In last year's Storage magazine survey of storage managers, 69% said they plan to implement or evaluate deduplication...
this year. With the idea of deduplicating data becoming so popular, many wonder if it can go beyond backup to primary -- or online -- data.
But for now, data deduplication remains almost exclusively a backup technology. Nearly all products that use data deduplication are either backup applications or virtual tape libraries (VTL). However, late last year Data Domain Inc. added support for nearline storage -- reference data, online archival and remote disaster recovery -- and Network Appliance Inc.'s (NetApp) A-SIS software works on certain primary, or Tier 1, applications.
Nearly everyone agrees that data deduplication isn't ready for high-transactional data and perhaps never will be. But data deduplication can play a role in more than just backing up data as an alternative to tape.
Data Domain CEO Frank Slootman said that customers are using his company's devices for what he calls "general purpose" storage, but that you'll never see deduplication on transactional databases. "We're not running on Oracle yet, not quite," he said. "That's performance-optimized rather than capacity-optimized storage. They're using us for home directories; for example, employees are mapping their directories to our storage."
As for deduplication on those Oracle databases, don't count on it. "It's unlikely that you'll ever see us running on Oracle," Slootman said. "Deduplication is not interesting unless data has some shelf life. If data lives for a nanosecond, why deduplicate it? That kind of data is only a fraction of people's storage requirements. You're not going to dedupe for 1% of your data."
NetApp offers A-SIS data deduplication for what it calls "light-duty" applications as a feature of its Data OnTap operating system.
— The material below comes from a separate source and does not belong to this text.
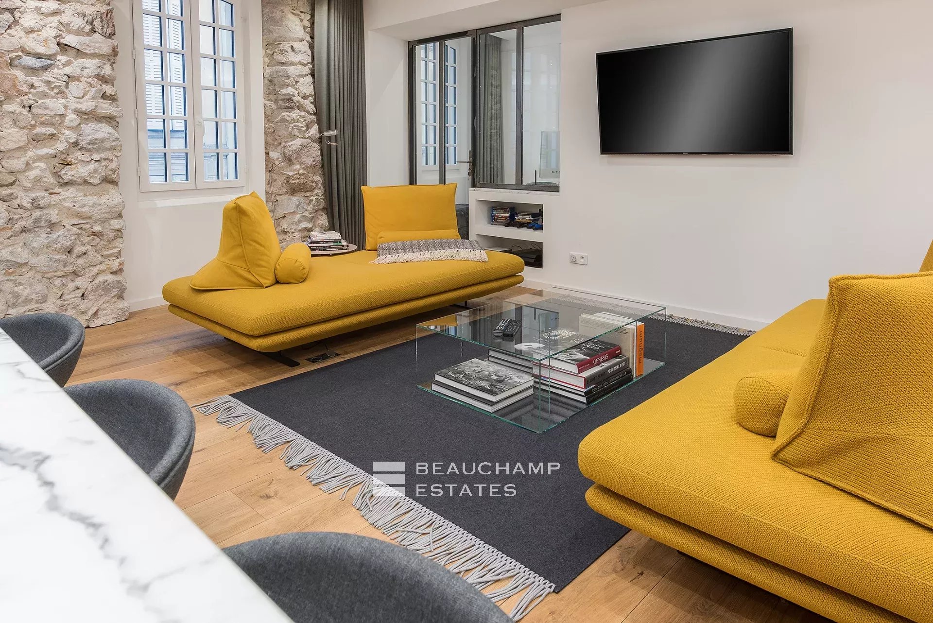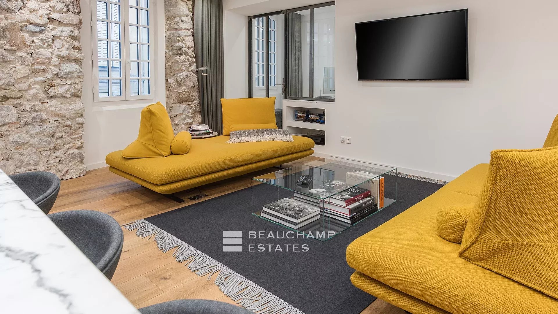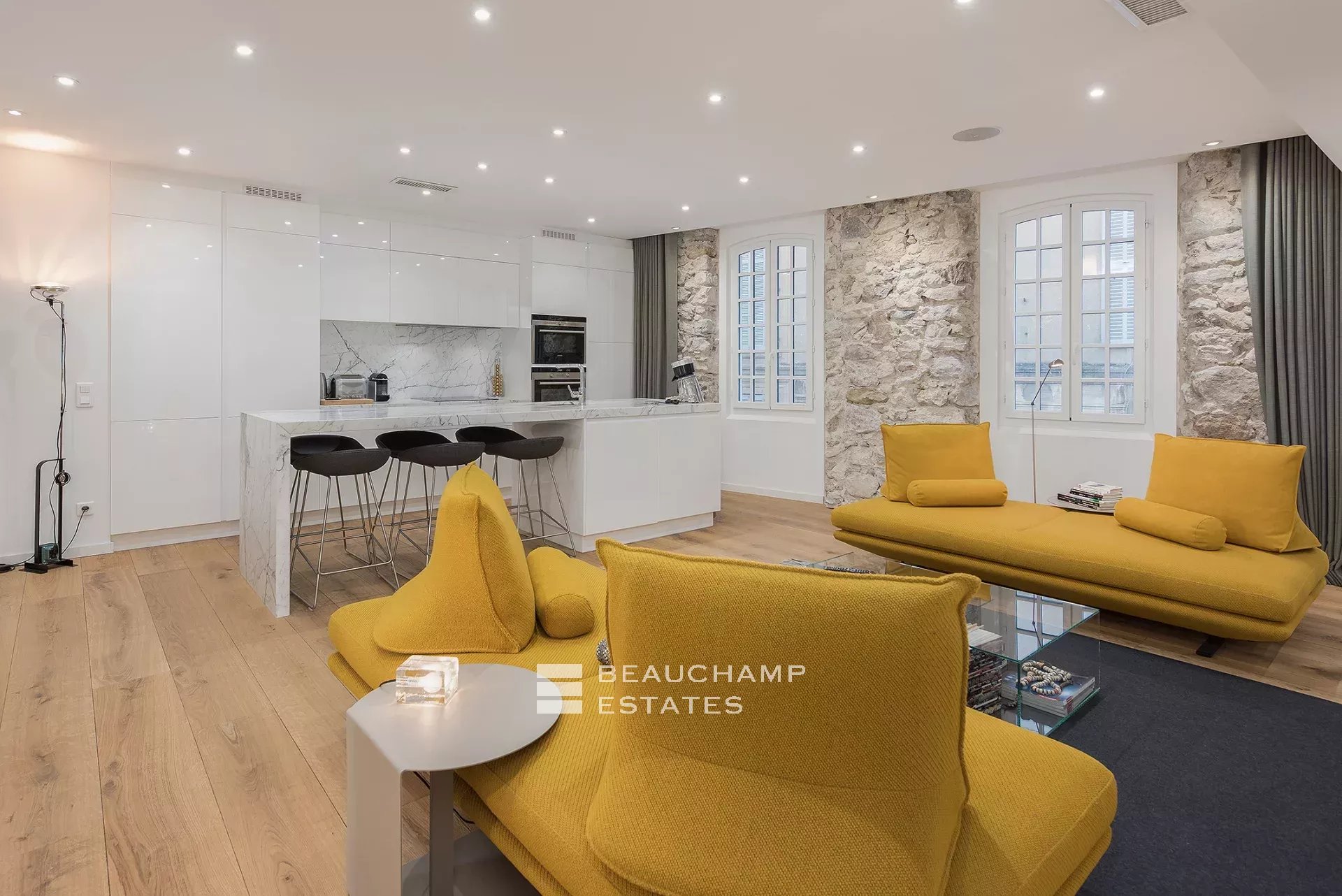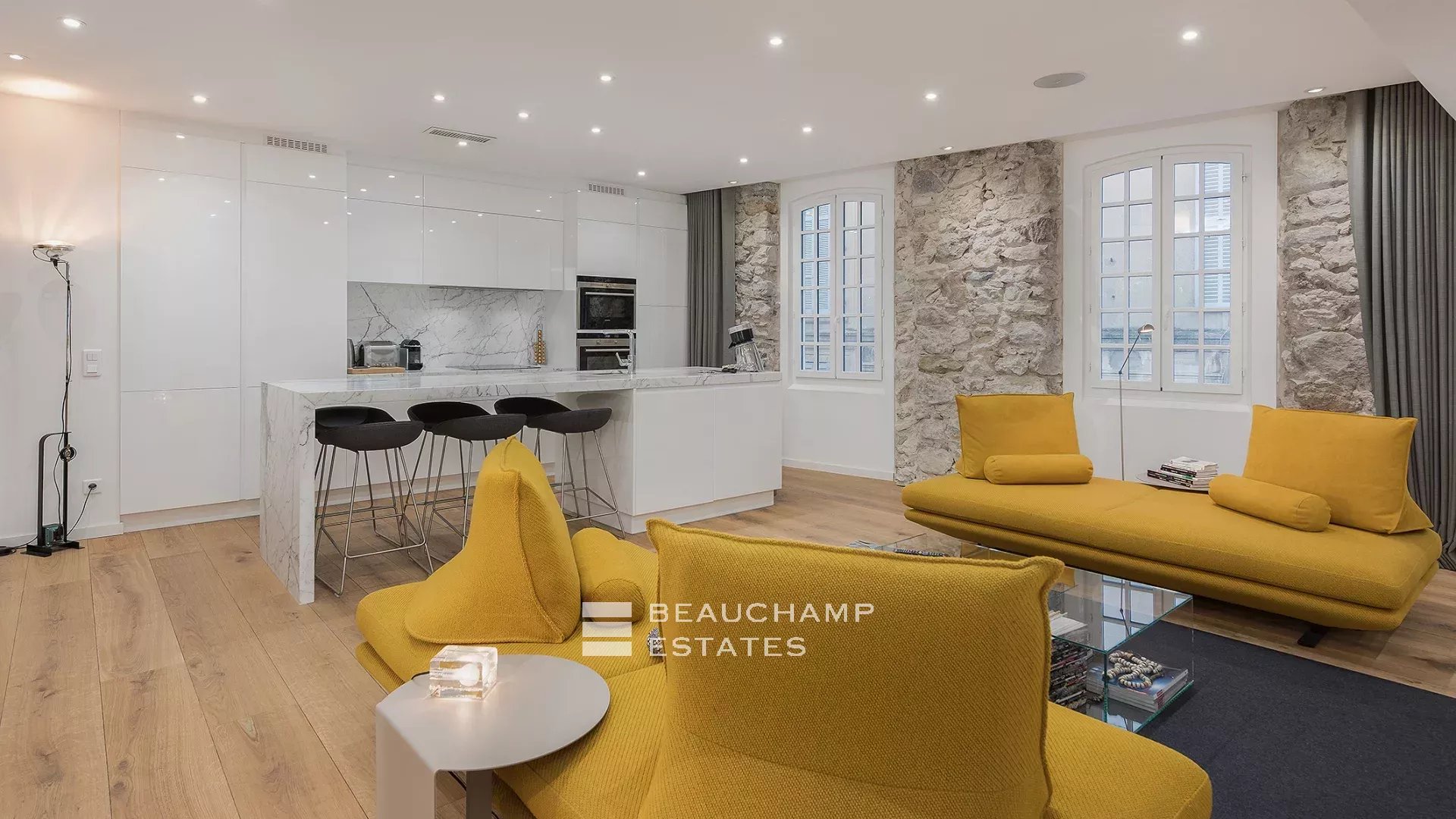 Close to the Old Port and Palais des Festivals, Forville market, in an old building with beautiful facades, charming, fully-renovated 103 m2 apartment.

By light-duty applications, NetApp refers to volumes that contain primary data, which are not performance-driven.
"We think deduplication is not just for backup data, but for primary storage," said Jay Kidd, NetApp's chief marketing officer. "Hundreds of customers have turned on dedupe in OnTap within FlexVol [volume-provisioning software]. We've seen it used across a wide range of applications. We're not encouraging people to do it with anything that's transactional or performance-intensive, but people are doing it with things like home directories, CAD files and virtual machine instances."
NetApp went against the tide with deduplication, starting with primary storage instead of its NearStore VTL product. Kidd said NetApp is in the final testing stage of deduplication for NearStore and will soon offer it as software-add.
"It's a different algorithm than in OnTap, and we're taking testing and validation of it very seriously," Kidd said. "With anything related to deduplication, quality has to be a notch higher than anything else. If you lose a piece of disk or a piece of the archive, you lose a lot of data."
Analysts say it's unlikely that data deduplication in its current form will ever be used in mainstream primary storage. They maintain that the type of compression Storewize Inc. uses in its STN appliances and Ocarina Networks claims to be working on is better suited for primary data than deduplication. These vendors use an optimized version of the Lempel-Ziv (LZ) compression between the server and storage arrays.
"Reducing the size of primary storage is going to be the next wave, but on the primary side you need different kinds of technology," said Arun Taneja, founder and consulting analyst at the Taneja Group. "It's not the same as the deduplication that's out there now. Conceptually, I don't know how you use existing dedupe technology for primary storage. Doing dedupe on secondary storage is nontrivial stuff."
Taneja said that advances in LZ compression can reduce data by ratios up to 5 to 1 or 6 to 1, a far cry from the 20 to 1 or so that so many deduplication vendors boast of, but a solid reduction nonetheless.
"The advantage of compressing primary data is it shrinks the most expensive storage down, and it flows through your secondary storage, as well," Taneja said. "Your advantage flows all the way through. It's something we have to pay attention to."
Analyst Greg Schulz of the StorageIO Group said deduplication is too demanding on processors to be the data reduction scheme of choice for primary data.
"NetApp is using it, but the benefits of deduplication don't offset the penalty for online active primary storage," he said. "Moving forward, sure, I could see it as becoming a feature. Eventually, we'll get to it, but we'll need faster processors and better algorithms to get to it. Now it plays to its strength -- nearline, offline data -- where you don't have to pay a penalty to see results. Today for online primary data, you use online compression. With compression, penalties aren't as severe, but you still get a benefit."
Data Domain's Slootman said, "We're a storage company, we're not just a data protection company," perhaps tipping his hand on where he will go next. He said the vendor will add encryption this year, along with bigger and smaller versions of its current product, while trying to broaden beyond backup.
"There are many shades of gray, that's where we still have huge amounts of work to do," Slootman said. "We're going to be gradually adding capabilities to get more transactional-oriented storage, just falling short of [EMC Symmetrix] DMX-class technology."